[Activity] Every line of the listing below from the one with "Anni Kinderkleid Nähanleitung/Bildanleitung" up to and including the one with "Een kleurplaat met" should be retyped exactly, and nothing else; pictures are not part of the copy.

::::::::

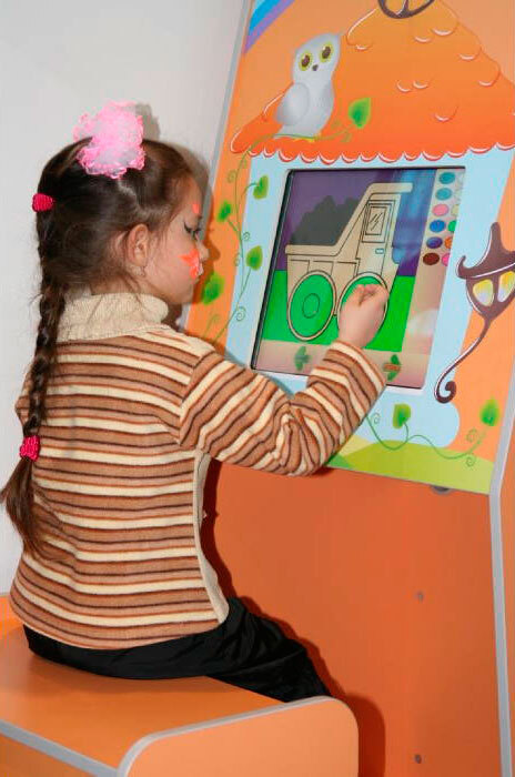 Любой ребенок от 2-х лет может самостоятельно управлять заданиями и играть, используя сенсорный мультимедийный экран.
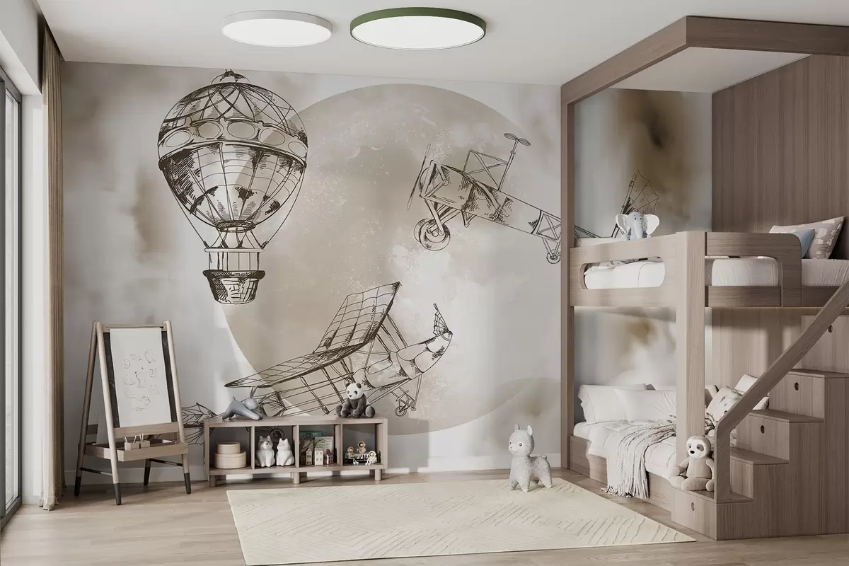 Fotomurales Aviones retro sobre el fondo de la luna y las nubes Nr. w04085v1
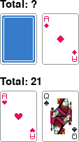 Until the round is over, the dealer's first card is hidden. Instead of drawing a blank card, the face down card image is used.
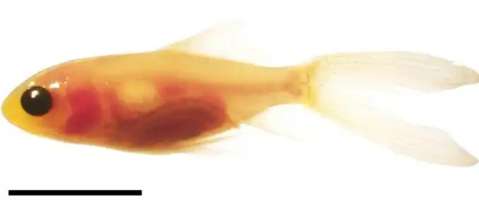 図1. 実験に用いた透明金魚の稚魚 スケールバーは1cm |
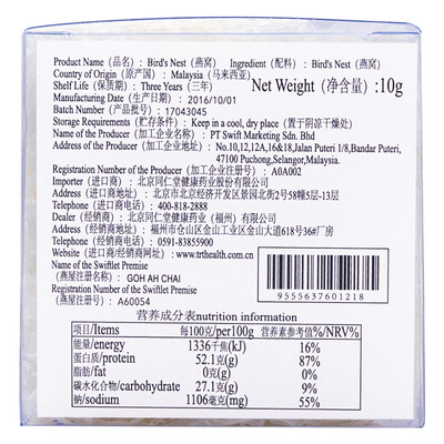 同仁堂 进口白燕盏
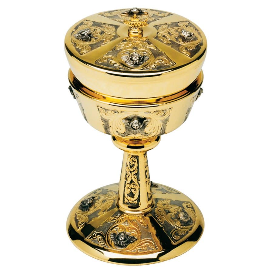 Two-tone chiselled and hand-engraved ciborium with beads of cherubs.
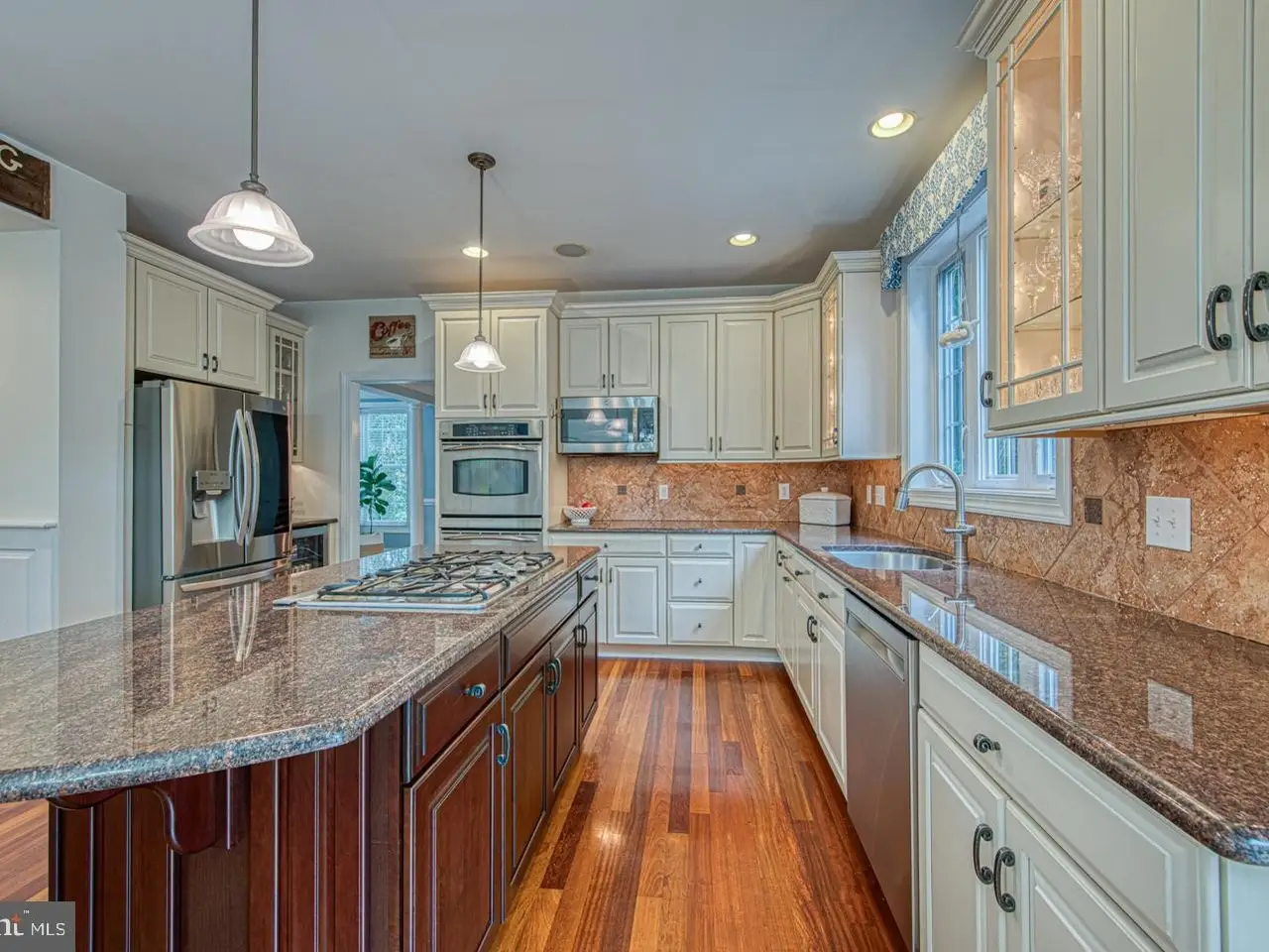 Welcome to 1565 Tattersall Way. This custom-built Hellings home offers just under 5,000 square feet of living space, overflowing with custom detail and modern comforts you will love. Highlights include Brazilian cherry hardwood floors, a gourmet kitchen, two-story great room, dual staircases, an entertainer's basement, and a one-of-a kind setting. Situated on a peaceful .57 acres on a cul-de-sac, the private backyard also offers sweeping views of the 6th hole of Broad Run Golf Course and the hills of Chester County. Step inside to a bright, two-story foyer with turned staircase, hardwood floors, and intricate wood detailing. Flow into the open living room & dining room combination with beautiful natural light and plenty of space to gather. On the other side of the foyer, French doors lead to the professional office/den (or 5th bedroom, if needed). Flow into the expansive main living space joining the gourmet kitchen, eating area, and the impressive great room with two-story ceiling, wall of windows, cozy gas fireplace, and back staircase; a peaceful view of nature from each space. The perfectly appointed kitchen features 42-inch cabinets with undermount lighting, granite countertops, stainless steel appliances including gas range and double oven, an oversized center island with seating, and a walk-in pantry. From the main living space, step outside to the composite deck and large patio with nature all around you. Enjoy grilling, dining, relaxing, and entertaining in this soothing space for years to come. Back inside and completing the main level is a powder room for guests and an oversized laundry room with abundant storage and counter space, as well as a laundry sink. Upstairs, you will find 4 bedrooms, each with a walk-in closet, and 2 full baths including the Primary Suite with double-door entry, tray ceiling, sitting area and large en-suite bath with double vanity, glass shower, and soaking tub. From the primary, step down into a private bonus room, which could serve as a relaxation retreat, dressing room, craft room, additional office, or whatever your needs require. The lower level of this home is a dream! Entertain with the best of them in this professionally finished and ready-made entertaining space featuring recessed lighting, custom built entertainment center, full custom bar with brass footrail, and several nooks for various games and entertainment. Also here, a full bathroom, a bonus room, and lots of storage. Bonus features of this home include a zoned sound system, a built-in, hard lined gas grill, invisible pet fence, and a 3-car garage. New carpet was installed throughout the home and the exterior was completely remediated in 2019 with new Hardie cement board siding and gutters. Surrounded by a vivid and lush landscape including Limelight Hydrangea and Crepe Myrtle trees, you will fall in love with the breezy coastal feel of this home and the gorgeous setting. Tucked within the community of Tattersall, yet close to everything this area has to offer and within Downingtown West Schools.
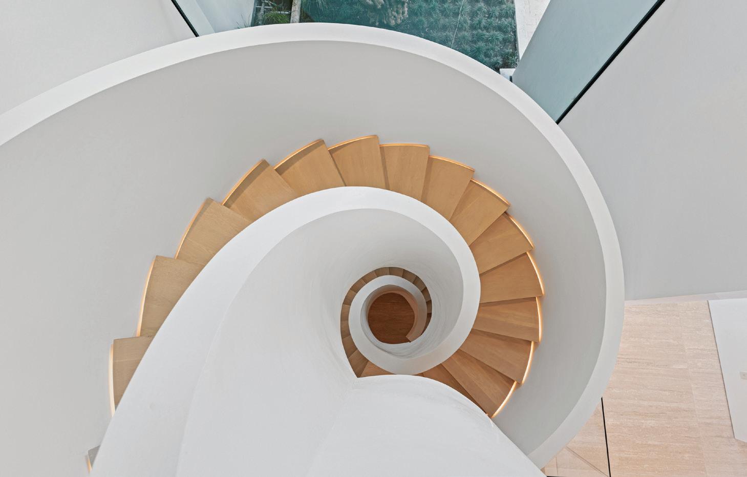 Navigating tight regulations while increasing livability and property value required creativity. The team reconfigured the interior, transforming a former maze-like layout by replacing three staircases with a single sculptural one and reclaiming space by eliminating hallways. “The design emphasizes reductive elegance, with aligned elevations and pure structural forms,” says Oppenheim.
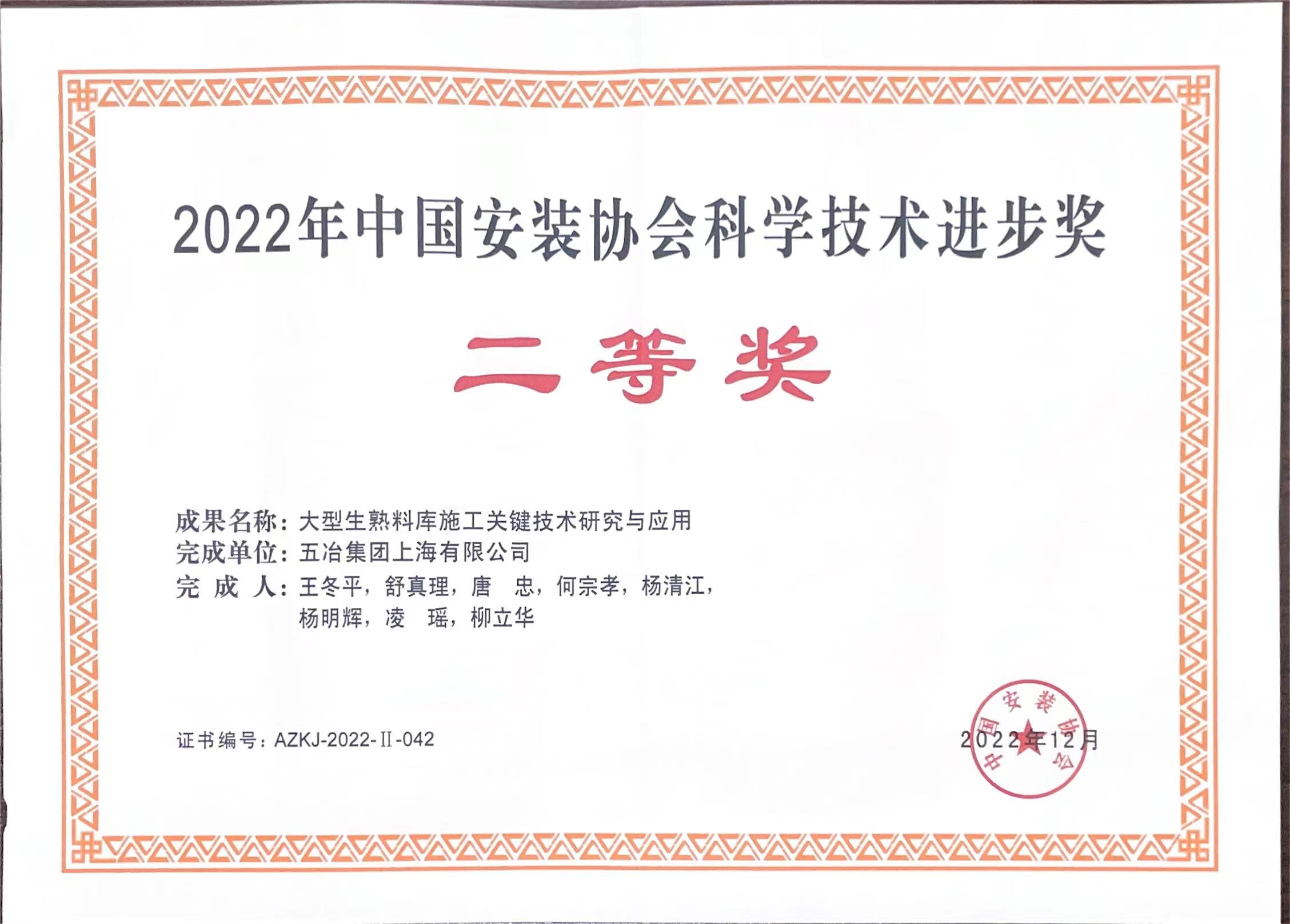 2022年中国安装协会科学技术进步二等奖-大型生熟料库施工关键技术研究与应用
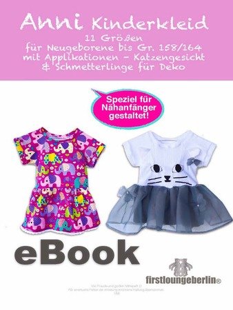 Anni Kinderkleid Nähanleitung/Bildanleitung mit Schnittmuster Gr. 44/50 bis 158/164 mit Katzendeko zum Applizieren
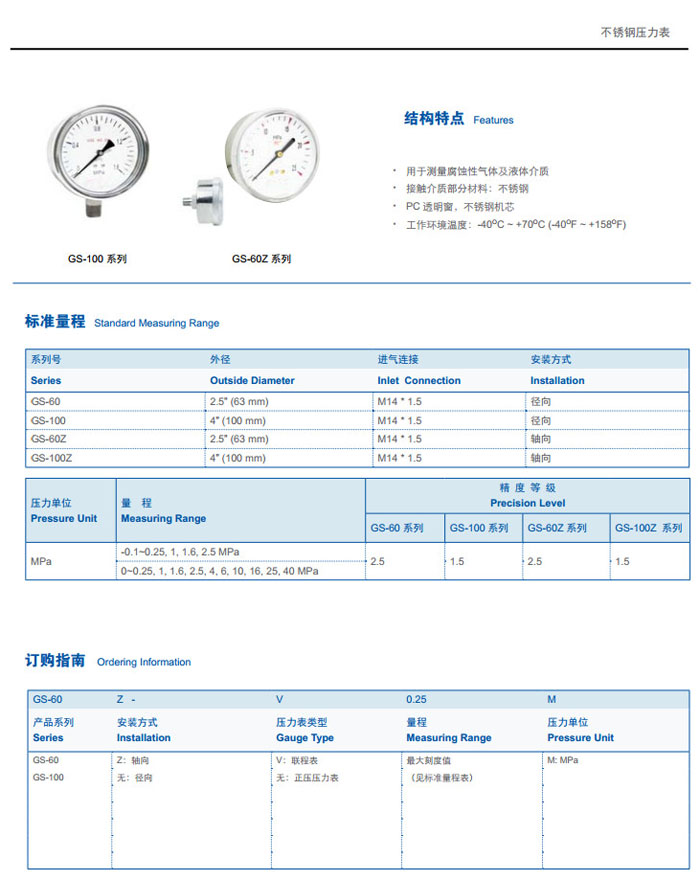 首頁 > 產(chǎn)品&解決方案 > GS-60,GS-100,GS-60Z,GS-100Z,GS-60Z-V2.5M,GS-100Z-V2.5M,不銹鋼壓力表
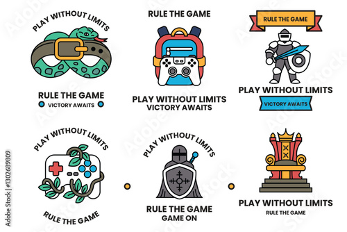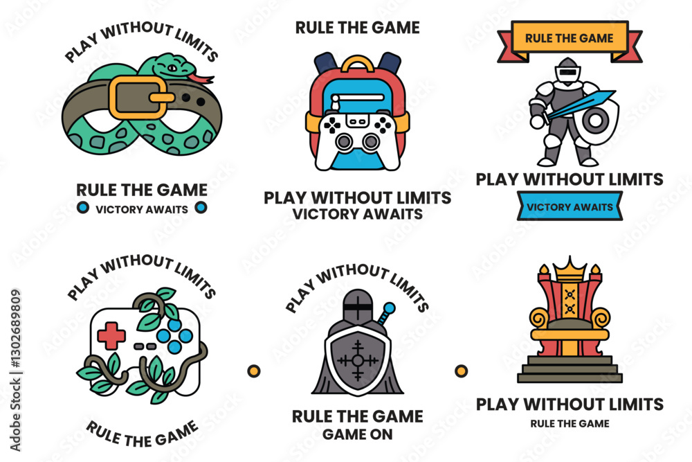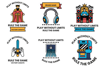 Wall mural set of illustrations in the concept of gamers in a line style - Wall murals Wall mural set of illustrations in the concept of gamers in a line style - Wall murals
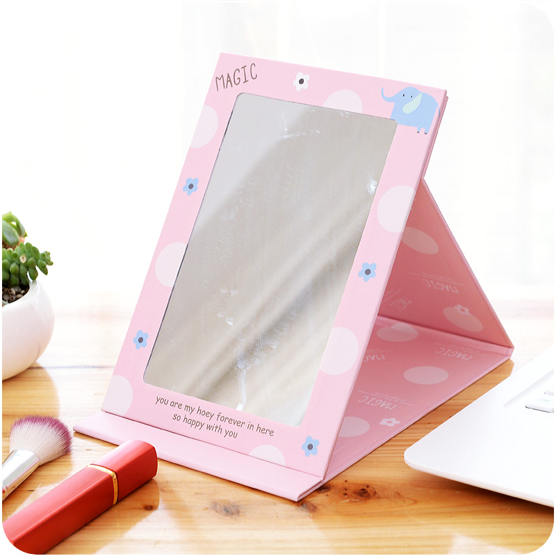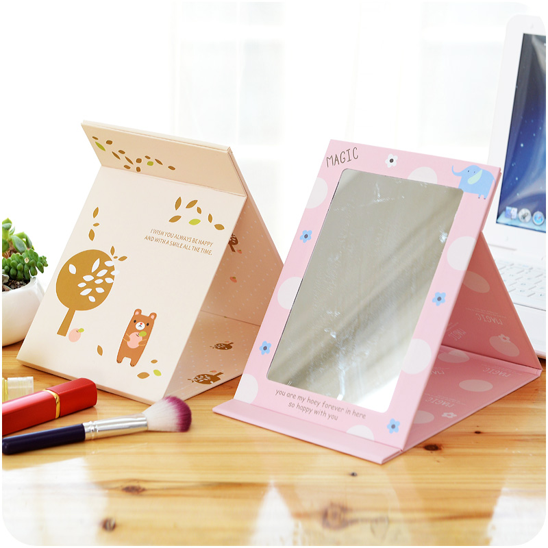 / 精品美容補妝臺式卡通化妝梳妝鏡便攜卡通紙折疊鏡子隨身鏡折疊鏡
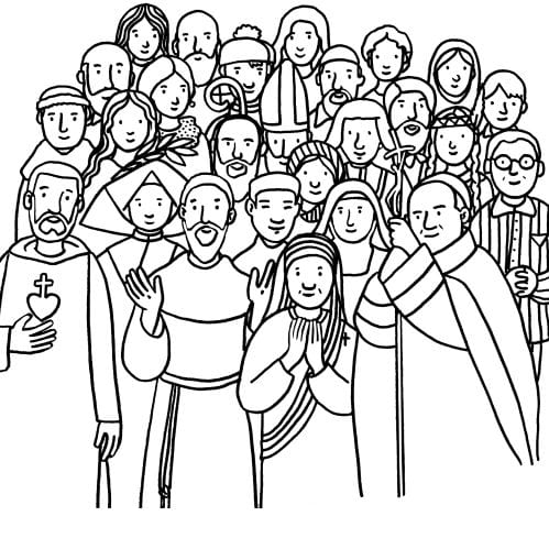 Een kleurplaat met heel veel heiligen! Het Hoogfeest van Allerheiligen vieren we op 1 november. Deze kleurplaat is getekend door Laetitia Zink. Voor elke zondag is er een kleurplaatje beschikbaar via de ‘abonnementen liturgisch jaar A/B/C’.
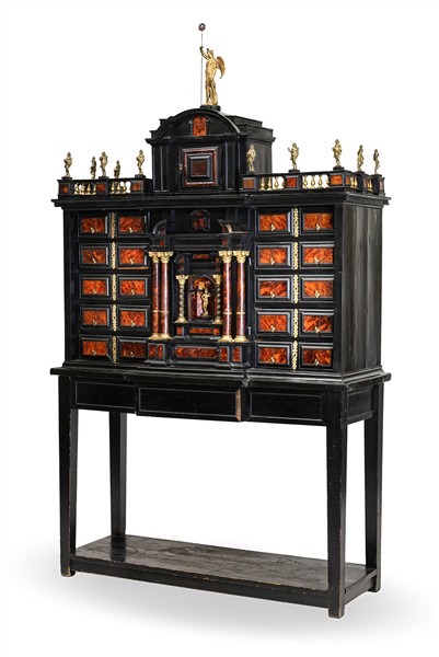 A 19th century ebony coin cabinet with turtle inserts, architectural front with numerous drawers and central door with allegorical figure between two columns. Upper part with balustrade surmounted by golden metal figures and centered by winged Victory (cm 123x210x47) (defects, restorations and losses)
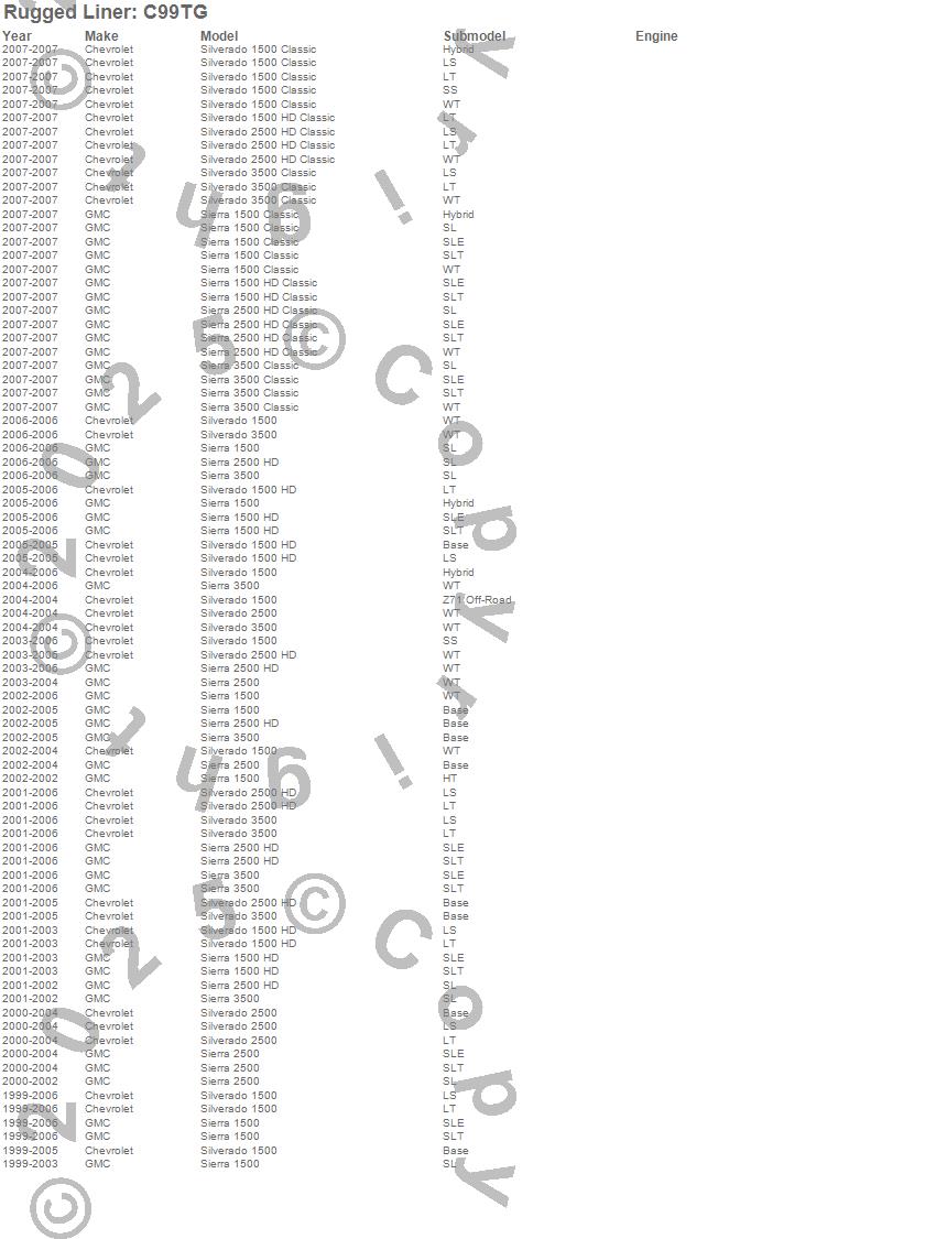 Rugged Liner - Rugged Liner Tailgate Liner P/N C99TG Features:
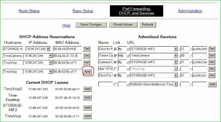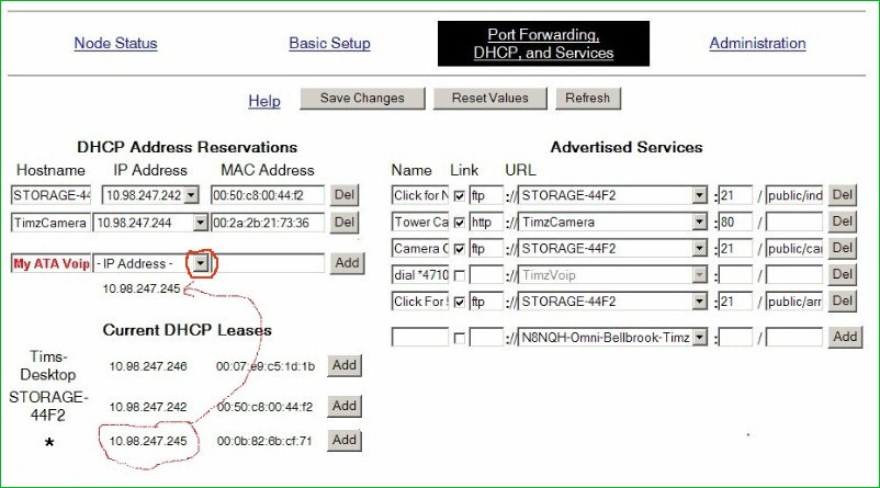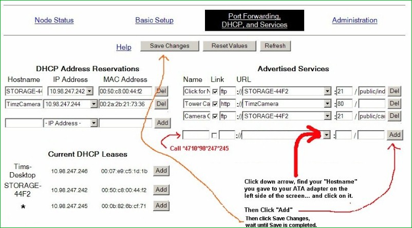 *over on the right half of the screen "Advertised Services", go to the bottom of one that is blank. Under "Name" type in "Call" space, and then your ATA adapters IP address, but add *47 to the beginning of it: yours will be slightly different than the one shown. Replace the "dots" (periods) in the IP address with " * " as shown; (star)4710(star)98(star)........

::::::::

[Response to the exercise]
 Anni Kinderkleid Nähanleitung/Bildanleitung mit Schnittmuster Gr. 44/50 bis 158/164 mit Katzendeko zum Applizieren
 首頁 > 產(chǎn)品&解決方案 > GS-60,GS-100,GS-60Z,GS-100Z,GS-60Z-V2.5M,GS-100Z-V2.5M,不銹鋼壓力表
 Wall mural set of illustrations in the concept of gamers in a line style - Wall murals Wall mural set of illustrations in the concept of gamers in a line style - Wall murals
 / 精品美容補妝臺式卡通化妝梳妝鏡便攜卡通紙折疊鏡子隨身鏡折疊鏡
 Een kleurplaat met heel veel heiligen! Het Hoogfeest van Allerheiligen vieren we op 1 november. Deze kleurplaat is getekend door Laetitia Zink. Voor elke zondag is er een kleurplaatje beschikbaar via de ‘abonnementen liturgisch jaar A/B/C’.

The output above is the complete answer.